┏━━

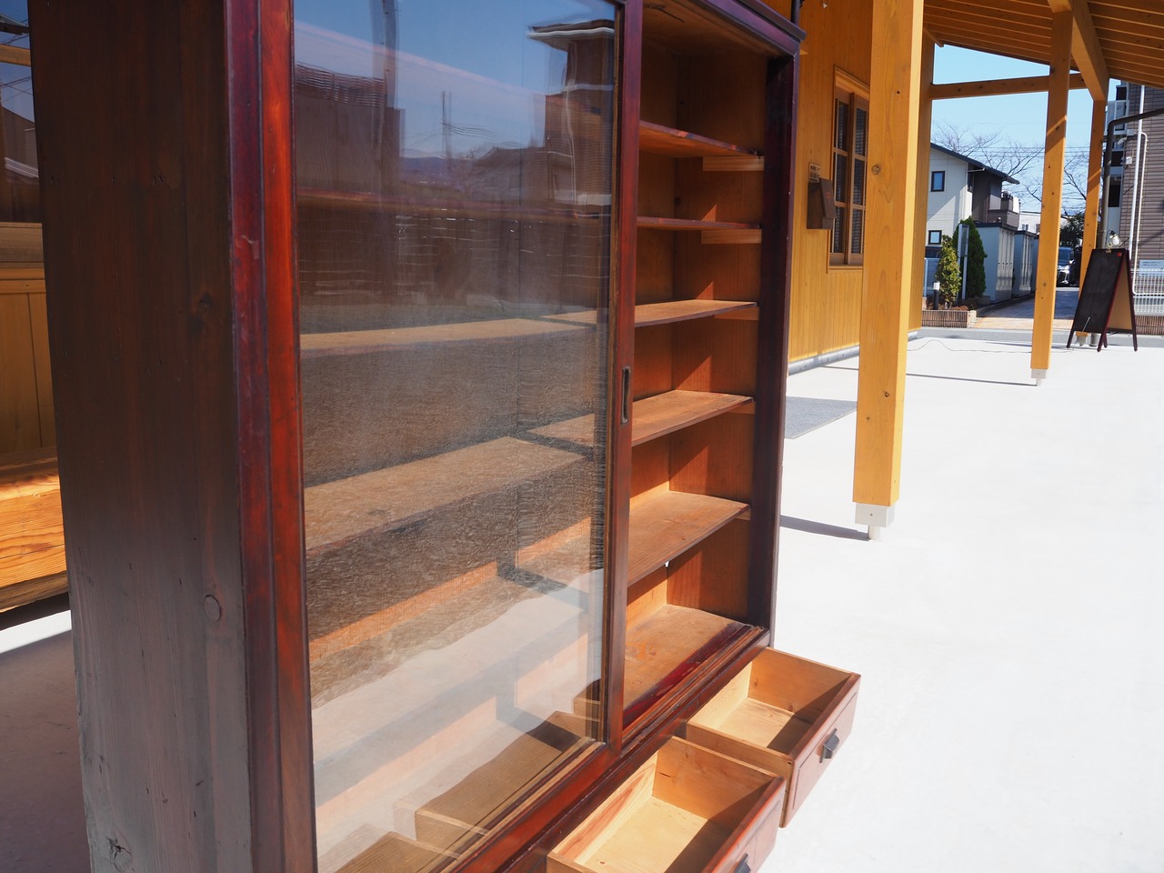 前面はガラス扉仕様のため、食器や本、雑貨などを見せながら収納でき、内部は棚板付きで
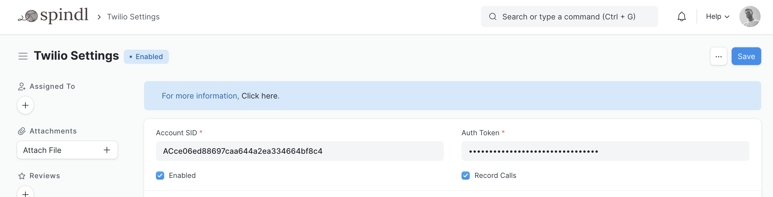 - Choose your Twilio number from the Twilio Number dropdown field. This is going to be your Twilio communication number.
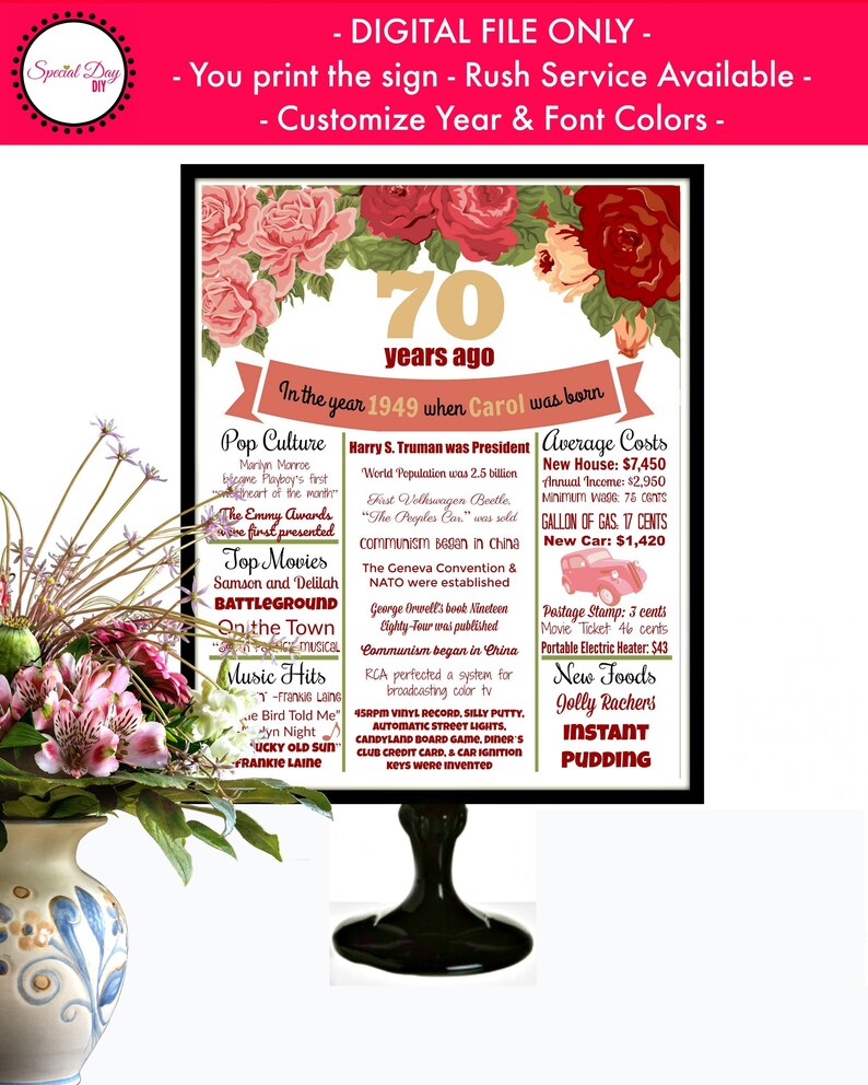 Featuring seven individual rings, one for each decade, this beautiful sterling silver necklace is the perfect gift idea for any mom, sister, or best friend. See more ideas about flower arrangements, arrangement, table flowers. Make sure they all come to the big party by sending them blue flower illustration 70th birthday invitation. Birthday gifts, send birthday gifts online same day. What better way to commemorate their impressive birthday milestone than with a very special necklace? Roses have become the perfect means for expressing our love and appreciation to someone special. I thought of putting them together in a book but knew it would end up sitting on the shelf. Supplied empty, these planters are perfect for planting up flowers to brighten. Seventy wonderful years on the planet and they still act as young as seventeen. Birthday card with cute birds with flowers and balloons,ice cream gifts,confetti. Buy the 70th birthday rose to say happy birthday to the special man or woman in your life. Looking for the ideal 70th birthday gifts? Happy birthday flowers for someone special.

┗━━

» WORK INSTRUCTIONS
Return the listing above verbatim and exclude every picture.

» RESULT
 前面はガラス扉仕様のため、食器や本、雑貨などを見せながら収納でき、内部は棚板付きで
 - Choose your Twilio number from the Twilio Number dropdown field. This is going to be your Twilio communication number.
 Featuring seven individual rings, one for each decade, this beautiful sterling silver necklace is the perfect gift idea for any mom, sister, or best friend. See more ideas about flower arrangements, arrangement, table flowers. Make sure they all come to the big party by sending them blue flower illustration 70th birthday invitation. Birthday gifts, send birthday gifts online same day. What better way to commemorate their impressive birthday milestone than with a very special necklace? Roses have become the perfect means for expressing our love and appreciation to someone special. I thought of putting them together in a book but knew it would end up sitting on the shelf. Supplied empty, these planters are perfect for planting up flowers to brighten. Seventy wonderful years on the planet and they still act as young as seventeen. Birthday card with cute birds with flowers and balloons,ice cream gifts,confetti. Buy the 70th birthday rose to say happy birthday to the special man or woman in your life. Looking for the ideal 70th birthday gifts? Happy birthday flowers for someone special.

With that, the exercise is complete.